Restate every line of the data word for word, except for the images.

__Supplied data__:
****

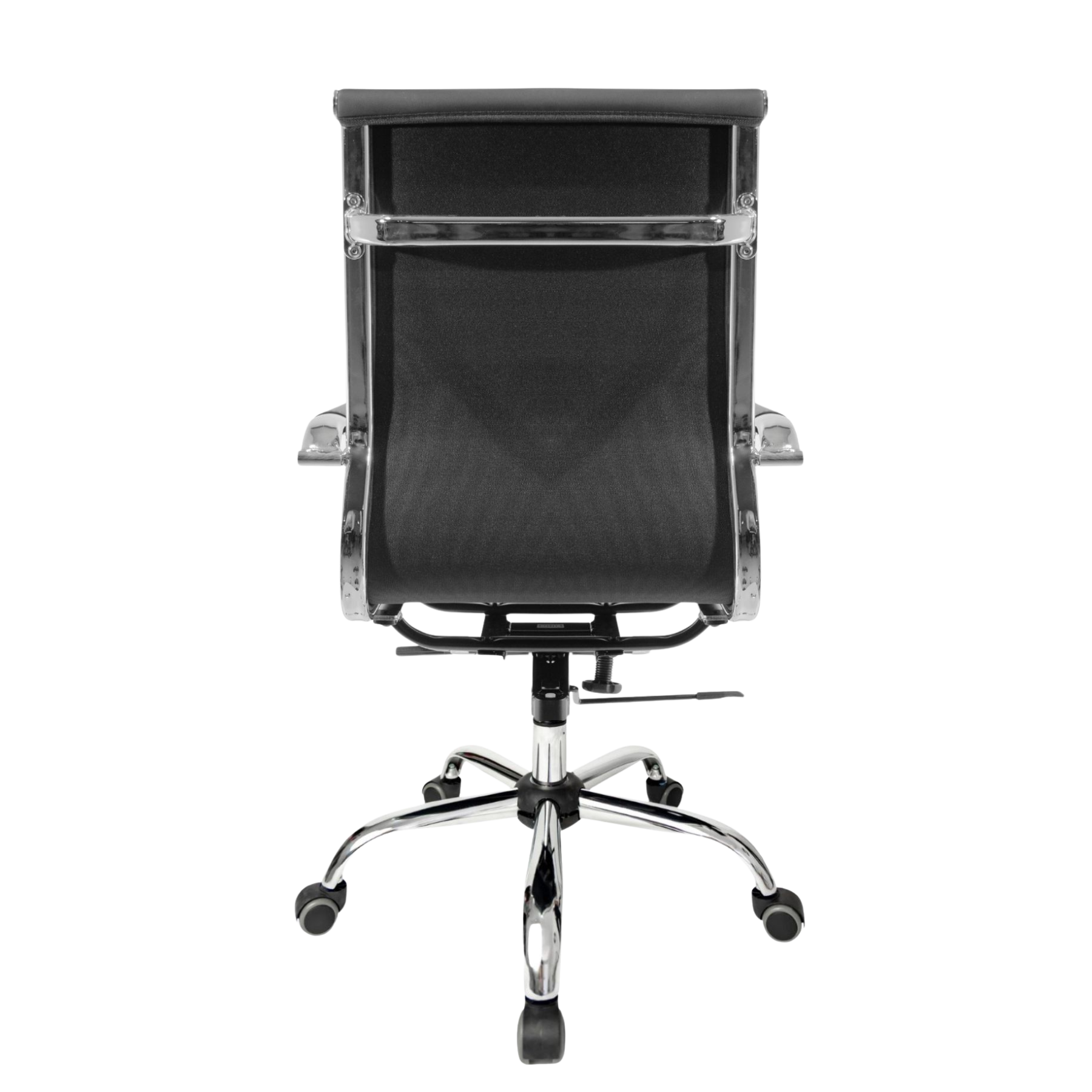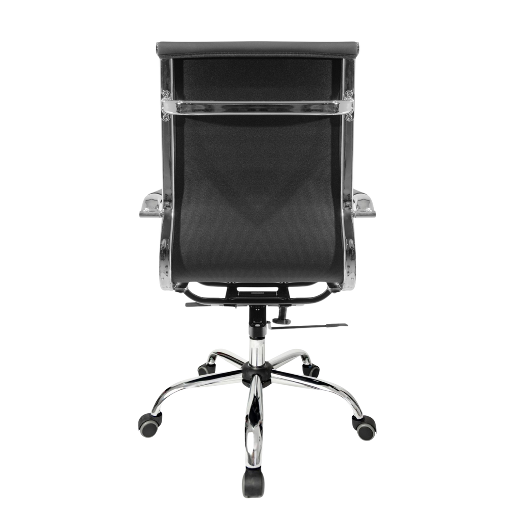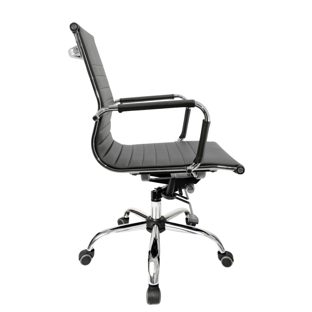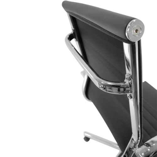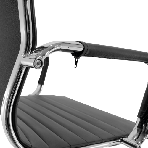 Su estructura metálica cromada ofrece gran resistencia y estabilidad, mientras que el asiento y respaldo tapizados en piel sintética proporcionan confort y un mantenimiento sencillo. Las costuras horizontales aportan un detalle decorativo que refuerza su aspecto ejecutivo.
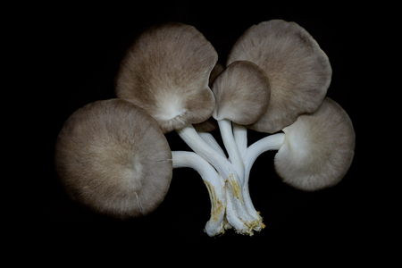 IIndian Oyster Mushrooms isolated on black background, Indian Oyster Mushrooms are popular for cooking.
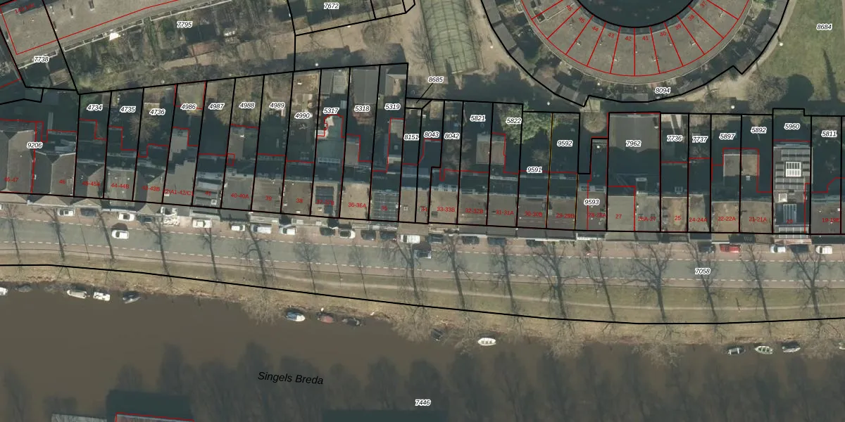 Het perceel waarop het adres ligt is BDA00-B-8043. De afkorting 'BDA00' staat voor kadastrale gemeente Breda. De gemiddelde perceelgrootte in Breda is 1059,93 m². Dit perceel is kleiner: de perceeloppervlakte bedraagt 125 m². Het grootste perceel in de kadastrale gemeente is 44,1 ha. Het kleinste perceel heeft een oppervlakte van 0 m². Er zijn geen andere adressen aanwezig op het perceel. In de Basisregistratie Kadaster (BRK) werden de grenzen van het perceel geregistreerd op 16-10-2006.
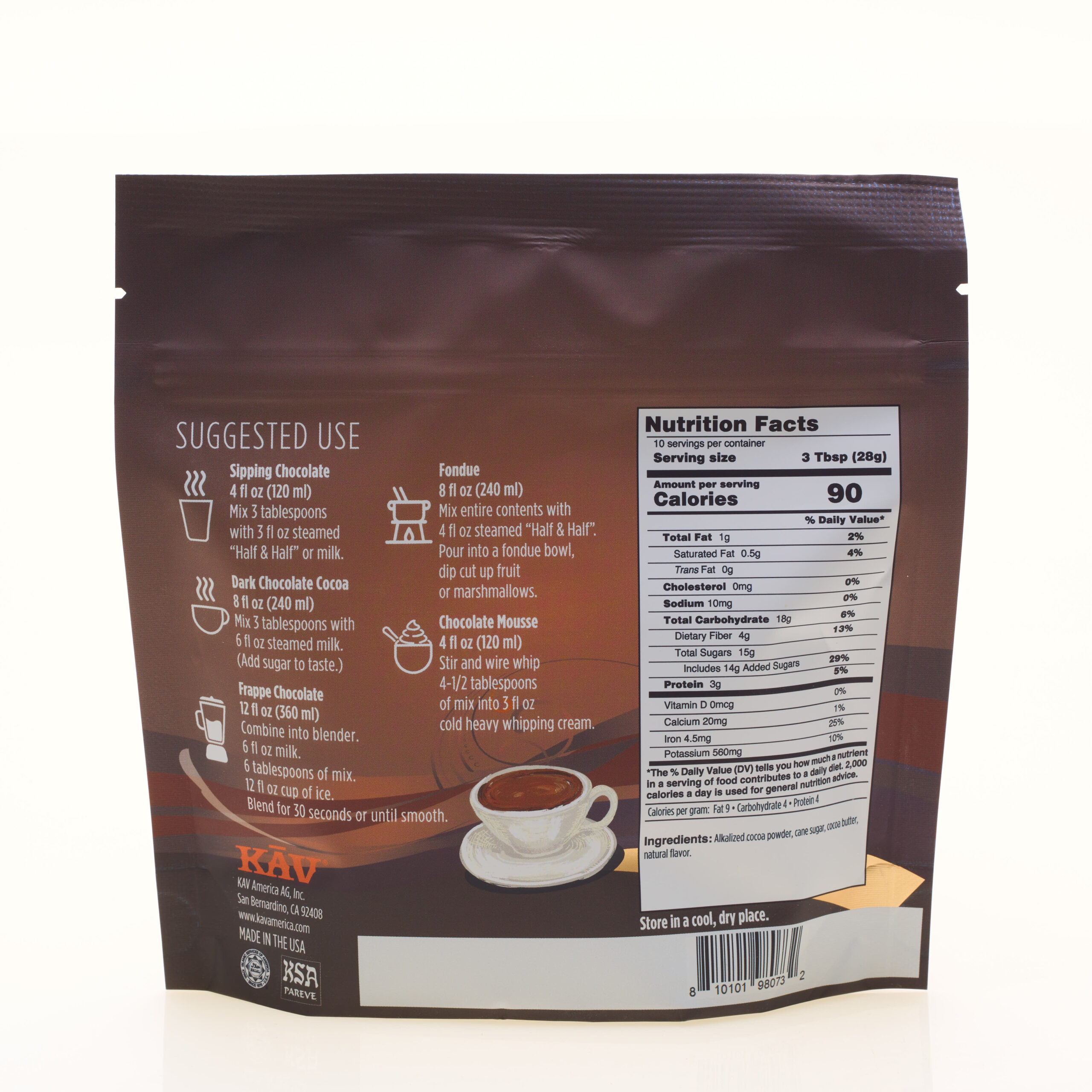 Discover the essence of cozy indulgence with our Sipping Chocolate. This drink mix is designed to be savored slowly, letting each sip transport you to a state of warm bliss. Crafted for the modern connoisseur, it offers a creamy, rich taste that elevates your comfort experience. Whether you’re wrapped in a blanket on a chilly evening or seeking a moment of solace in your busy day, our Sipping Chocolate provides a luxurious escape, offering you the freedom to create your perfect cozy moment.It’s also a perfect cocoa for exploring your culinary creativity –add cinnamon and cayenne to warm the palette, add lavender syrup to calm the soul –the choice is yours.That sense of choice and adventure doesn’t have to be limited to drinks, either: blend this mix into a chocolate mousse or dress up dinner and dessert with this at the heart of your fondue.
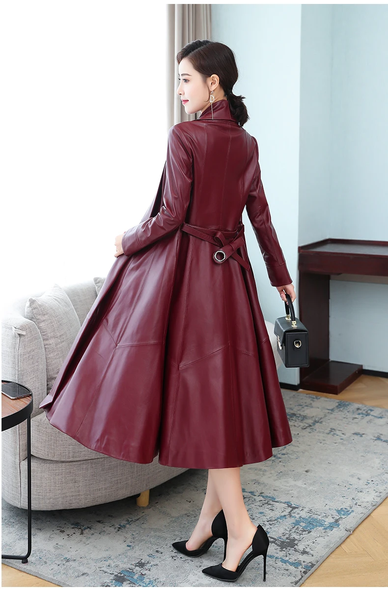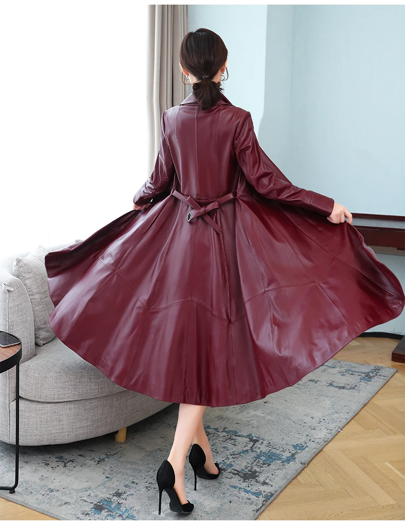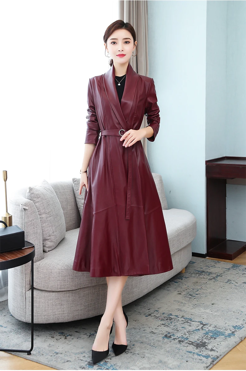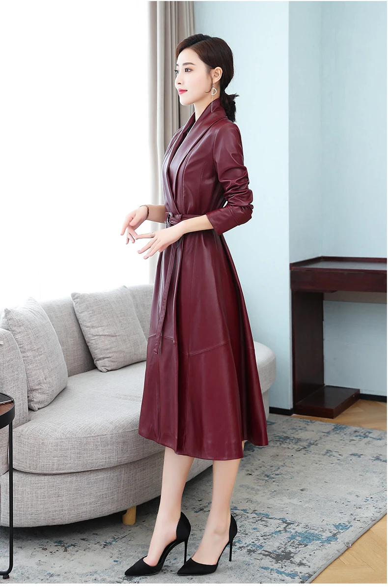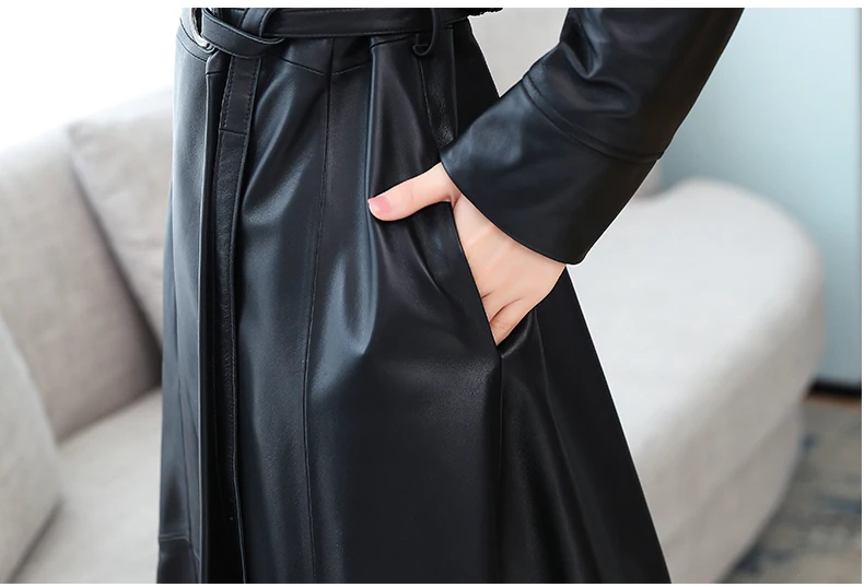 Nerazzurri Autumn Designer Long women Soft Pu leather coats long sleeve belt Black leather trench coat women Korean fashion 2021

****

__Task output__:
 Su estructura metálica cromada ofrece gran resistencia y estabilidad, mientras que el asiento y respaldo tapizados en piel sintética proporcionan confort y un mantenimiento sencillo. Las costuras horizontales aportan un detalle decorativo que refuerza su aspecto ejecutivo.
 IIndian Oyster Mushrooms isolated on black background, Indian Oyster Mushrooms are popular for cooking.
 Het perceel waarop het adres ligt is BDA00-B-8043. De afkorting 'BDA00' staat voor kadastrale gemeente Breda. De gemiddelde perceelgrootte in Breda is 1059,93 m². Dit perceel is kleiner: de perceeloppervlakte bedraagt 125 m². Het grootste perceel in de kadastrale gemeente is 44,1 ha. Het kleinste perceel heeft een oppervlakte van 0 m². Er zijn geen andere adressen aanwezig op het perceel. In de Basisregistratie Kadaster (BRK) werden de grenzen van het perceel geregistreerd op 16-10-2006.
 Discover the essence of cozy indulgence with our Sipping Chocolate. This drink mix is designed to be savored slowly, letting each sip transport you to a state of warm bliss. Crafted for the modern connoisseur, it offers a creamy, rich taste that elevates your comfort experience. Whether you’re wrapped in a blanket on a chilly evening or seeking a moment of solace in your busy day, our Sipping Chocolate provides a luxurious escape, offering you the freedom to create your perfect cozy moment.It’s also a perfect cocoa for exploring your culinary creativity –add cinnamon and cayenne to warm the palette, add lavender syrup to calm the soul –the choice is yours.That sense of choice and adventure doesn’t have to be limited to drinks, either: blend this mix into a chocolate mousse or dress up dinner and dessert with this at the heart of your fondue.
 Nerazzurri Autumn Designer Long women Soft Pu leather coats long sleeve belt Black leather trench coat women Korean fashion 2021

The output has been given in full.